Segment Start: EXERCISE DATA
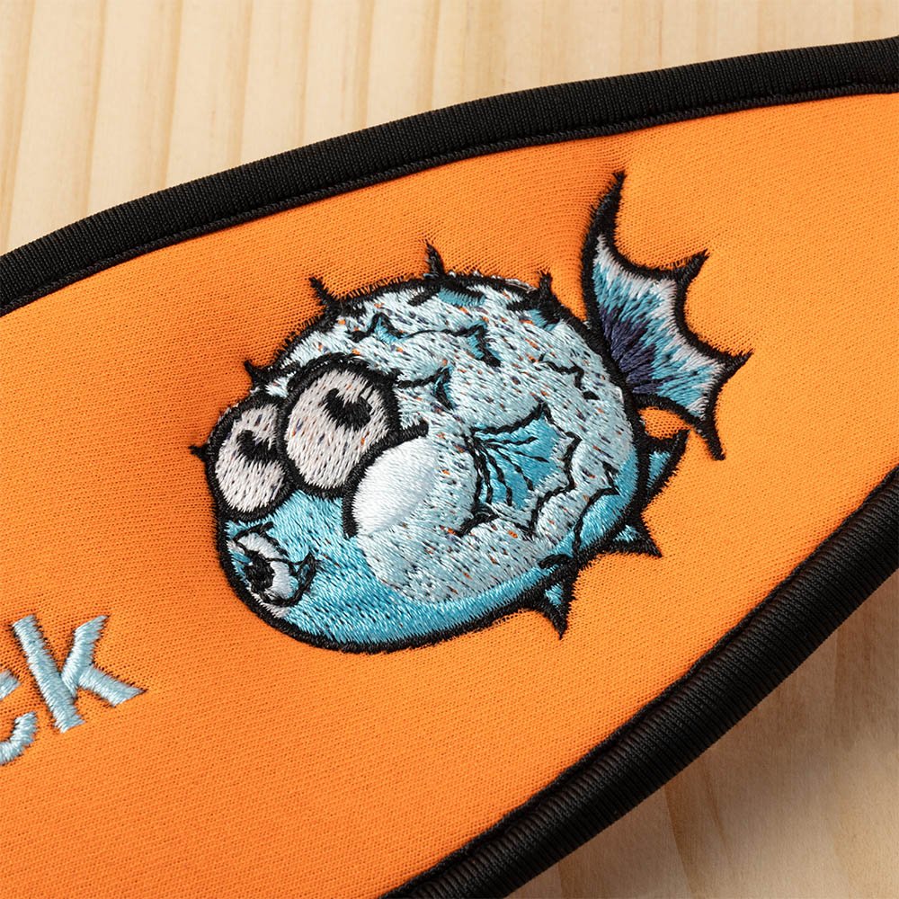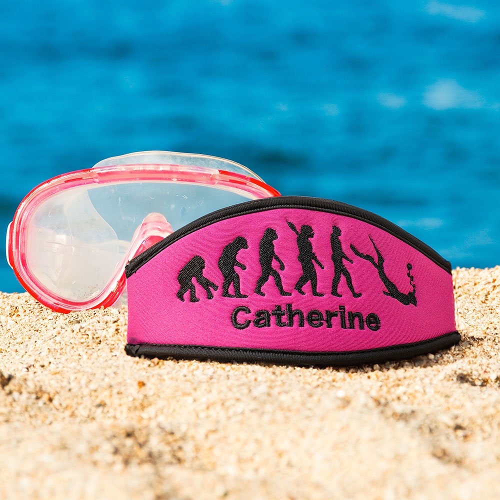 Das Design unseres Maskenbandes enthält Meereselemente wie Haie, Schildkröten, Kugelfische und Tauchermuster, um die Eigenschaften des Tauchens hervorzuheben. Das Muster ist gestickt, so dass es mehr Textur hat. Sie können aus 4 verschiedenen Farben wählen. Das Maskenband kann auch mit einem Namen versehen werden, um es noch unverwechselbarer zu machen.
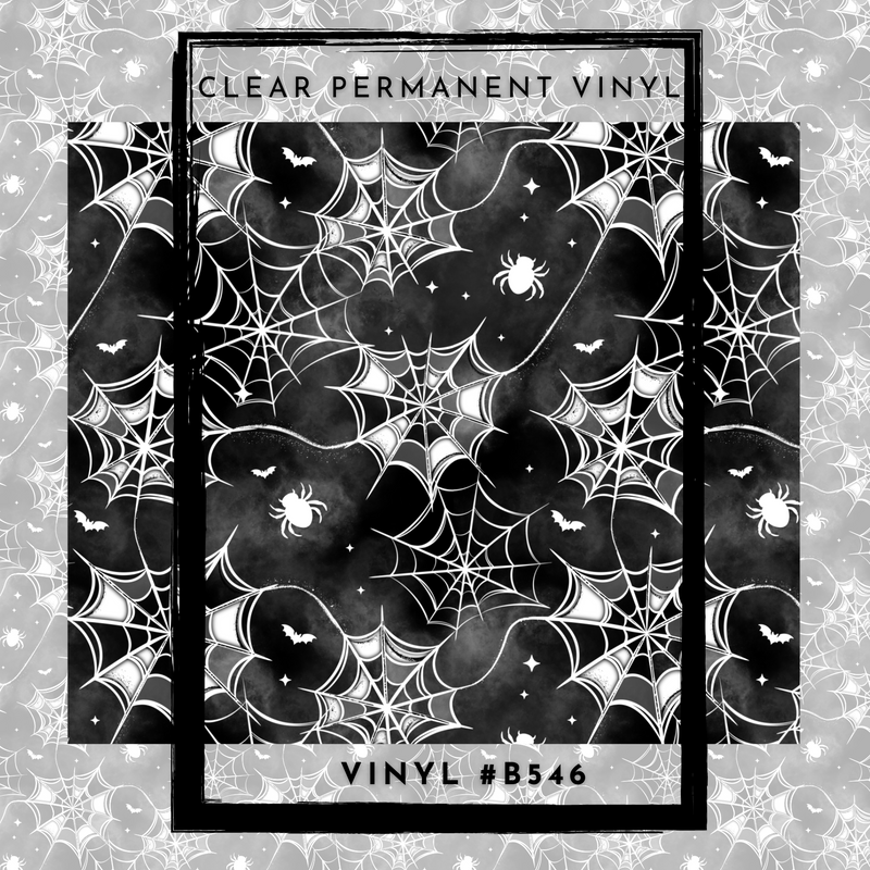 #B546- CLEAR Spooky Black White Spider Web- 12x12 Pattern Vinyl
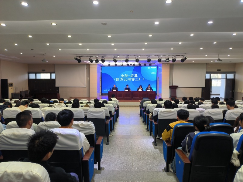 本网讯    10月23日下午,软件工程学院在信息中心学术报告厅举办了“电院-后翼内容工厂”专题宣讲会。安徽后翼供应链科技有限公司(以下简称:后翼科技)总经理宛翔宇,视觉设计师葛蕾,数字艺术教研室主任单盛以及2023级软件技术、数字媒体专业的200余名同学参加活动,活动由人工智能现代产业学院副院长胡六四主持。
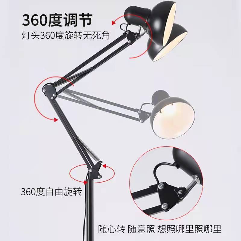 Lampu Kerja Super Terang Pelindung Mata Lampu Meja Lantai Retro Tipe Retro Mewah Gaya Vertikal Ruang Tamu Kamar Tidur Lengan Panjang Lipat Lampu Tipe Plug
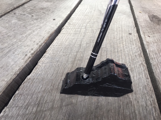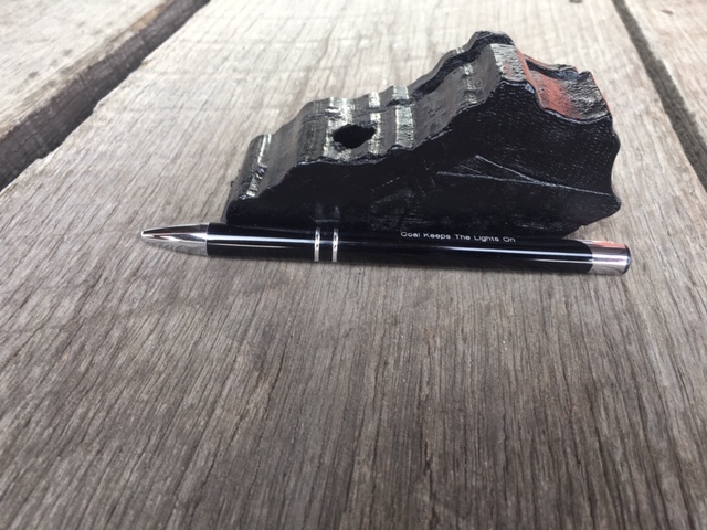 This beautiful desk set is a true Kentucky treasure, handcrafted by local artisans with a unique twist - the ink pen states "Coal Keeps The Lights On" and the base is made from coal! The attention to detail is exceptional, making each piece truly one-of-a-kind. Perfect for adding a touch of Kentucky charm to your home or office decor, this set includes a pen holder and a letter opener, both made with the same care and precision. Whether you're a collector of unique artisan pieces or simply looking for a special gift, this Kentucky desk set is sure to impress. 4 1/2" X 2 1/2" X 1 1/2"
Segment End: EXERCISE DATA
Segment Start: EXERCISE DATA
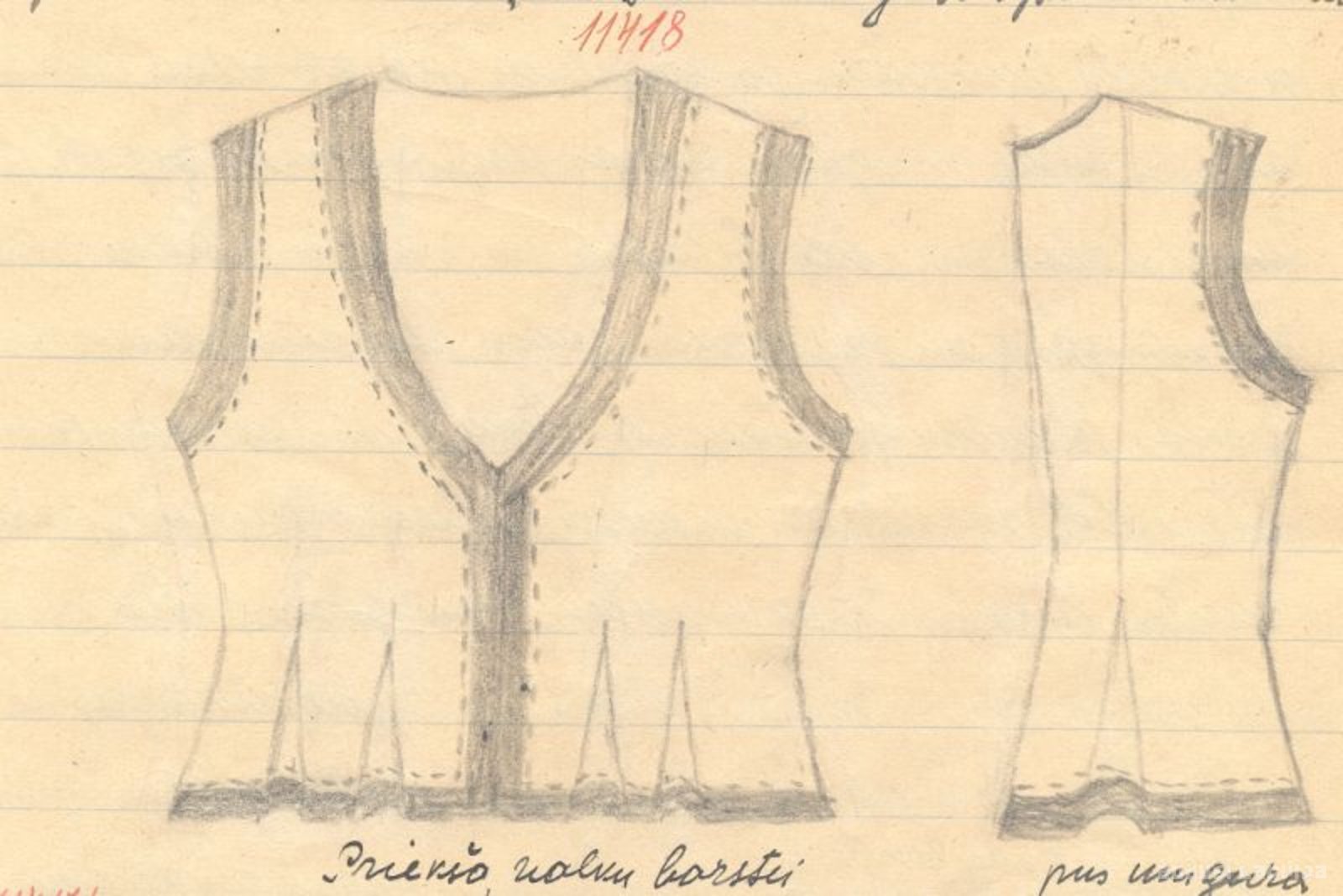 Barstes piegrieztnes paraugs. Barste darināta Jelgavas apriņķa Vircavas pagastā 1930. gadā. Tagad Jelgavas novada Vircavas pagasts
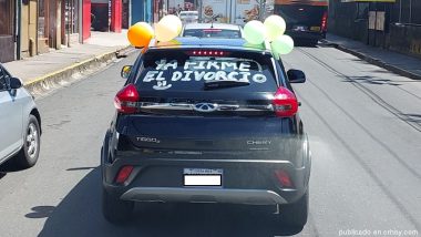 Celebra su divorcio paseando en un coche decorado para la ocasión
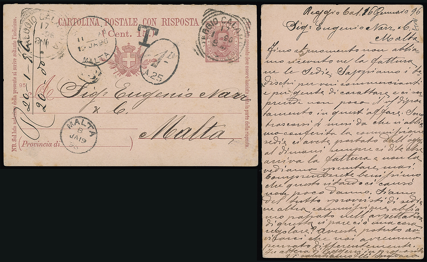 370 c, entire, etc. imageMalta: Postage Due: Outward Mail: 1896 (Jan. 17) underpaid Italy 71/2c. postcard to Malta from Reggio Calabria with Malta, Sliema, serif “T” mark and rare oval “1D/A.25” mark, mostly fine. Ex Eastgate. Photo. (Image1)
Segment End: EXERCISE DATA
Segment Start: EXERCISE DATA
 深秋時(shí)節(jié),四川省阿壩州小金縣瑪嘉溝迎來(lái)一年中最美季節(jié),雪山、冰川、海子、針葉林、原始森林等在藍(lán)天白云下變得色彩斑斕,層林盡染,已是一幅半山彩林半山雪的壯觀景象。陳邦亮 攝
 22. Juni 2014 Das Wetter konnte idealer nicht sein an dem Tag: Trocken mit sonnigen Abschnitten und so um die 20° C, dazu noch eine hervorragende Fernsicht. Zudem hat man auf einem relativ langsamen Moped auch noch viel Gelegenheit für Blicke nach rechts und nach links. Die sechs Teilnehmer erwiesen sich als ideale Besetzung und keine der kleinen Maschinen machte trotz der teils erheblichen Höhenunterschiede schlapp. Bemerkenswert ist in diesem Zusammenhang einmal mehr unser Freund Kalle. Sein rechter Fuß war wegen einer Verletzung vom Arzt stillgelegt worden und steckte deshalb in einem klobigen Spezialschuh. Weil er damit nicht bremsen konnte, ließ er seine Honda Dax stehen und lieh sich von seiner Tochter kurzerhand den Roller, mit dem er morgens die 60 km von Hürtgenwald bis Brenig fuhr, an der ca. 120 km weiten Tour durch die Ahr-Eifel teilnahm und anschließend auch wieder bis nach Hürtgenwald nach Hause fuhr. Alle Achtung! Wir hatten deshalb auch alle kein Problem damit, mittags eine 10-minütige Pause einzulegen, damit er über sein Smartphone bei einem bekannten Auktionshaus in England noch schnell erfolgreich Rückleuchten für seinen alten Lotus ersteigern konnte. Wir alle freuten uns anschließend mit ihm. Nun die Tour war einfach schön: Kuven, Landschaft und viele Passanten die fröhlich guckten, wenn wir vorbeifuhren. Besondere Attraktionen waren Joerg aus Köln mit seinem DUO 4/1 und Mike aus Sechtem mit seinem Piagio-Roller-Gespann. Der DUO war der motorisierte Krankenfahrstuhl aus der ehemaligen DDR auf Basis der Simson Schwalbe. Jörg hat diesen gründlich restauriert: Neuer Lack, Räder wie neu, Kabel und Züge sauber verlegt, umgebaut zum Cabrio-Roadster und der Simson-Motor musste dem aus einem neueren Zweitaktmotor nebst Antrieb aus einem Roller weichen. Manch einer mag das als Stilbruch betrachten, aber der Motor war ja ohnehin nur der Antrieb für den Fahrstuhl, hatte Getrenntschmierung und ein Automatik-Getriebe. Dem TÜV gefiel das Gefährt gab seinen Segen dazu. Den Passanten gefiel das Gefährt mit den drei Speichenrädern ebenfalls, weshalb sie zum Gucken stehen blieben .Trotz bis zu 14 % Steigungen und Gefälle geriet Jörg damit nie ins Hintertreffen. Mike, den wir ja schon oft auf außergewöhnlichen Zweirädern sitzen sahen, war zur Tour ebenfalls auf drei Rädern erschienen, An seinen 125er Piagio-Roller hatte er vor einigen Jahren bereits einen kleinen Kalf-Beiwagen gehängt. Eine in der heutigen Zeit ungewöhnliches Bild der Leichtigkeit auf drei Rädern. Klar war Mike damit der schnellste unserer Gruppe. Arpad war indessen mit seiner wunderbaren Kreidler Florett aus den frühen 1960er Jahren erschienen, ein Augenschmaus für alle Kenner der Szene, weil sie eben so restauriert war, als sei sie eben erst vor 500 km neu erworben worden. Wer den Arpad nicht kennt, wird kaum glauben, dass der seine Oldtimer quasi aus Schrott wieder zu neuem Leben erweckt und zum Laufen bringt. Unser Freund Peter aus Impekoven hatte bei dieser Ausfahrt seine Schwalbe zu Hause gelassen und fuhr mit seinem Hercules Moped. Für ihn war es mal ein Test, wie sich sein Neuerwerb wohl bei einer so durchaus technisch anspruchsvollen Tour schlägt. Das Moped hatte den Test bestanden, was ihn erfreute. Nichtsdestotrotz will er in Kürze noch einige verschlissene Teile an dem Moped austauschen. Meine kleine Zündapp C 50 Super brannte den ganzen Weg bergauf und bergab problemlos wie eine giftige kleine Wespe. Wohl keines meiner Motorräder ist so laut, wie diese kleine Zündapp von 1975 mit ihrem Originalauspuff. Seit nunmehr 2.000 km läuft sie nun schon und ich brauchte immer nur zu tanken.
Segment End: EXERCISE DATA
With the pictures removed from your copy, retype the lines above from the one that contains "Das Design unseres" through the one that contains "This beautiful desk", exactly.

 Das Design unseres Maskenbandes enthält Meereselemente wie Haie, Schildkröten, Kugelfische und Tauchermuster, um die Eigenschaften des Tauchens hervorzuheben. Das Muster ist gestickt, so dass es mehr Textur hat. Sie können aus 4 verschiedenen Farben wählen. Das Maskenband kann auch mit einem Namen versehen werden, um es noch unverwechselbarer zu machen.
 #B546- CLEAR Spooky Black White Spider Web- 12x12 Pattern Vinyl
 本网讯    10月23日下午,软件工程学院在信息中心学术报告厅举办了“电院-后翼内容工厂”专题宣讲会。安徽后翼供应链科技有限公司(以下简称:后翼科技)总经理宛翔宇,视觉设计师葛蕾,数字艺术教研室主任单盛以及2023级软件技术、数字媒体专业的200余名同学参加活动,活动由人工智能现代产业学院副院长胡六四主持。
 Lampu Kerja Super Terang Pelindung Mata Lampu Meja Lantai Retro Tipe Retro Mewah Gaya Vertikal Ruang Tamu Kamar Tidur Lengan Panjang Lipat Lampu Tipe Plug
 This beautiful desk set is a true Kentucky treasure, handcrafted by local artisans with a unique twist - the ink pen states "Coal Keeps The Lights On" and the base is made from coal! The attention to detail is exceptional, making each piece truly one-of-a-kind. Perfect for adding a touch of Kentucky charm to your home or office decor, this set includes a pen holder and a letter opener, both made with the same care and precision. Whether you're a collector of unique artisan pieces or simply looking for a special gift, this Kentucky desk set is sure to impress. 4 1/2" X 2 1/2" X 1 1/2"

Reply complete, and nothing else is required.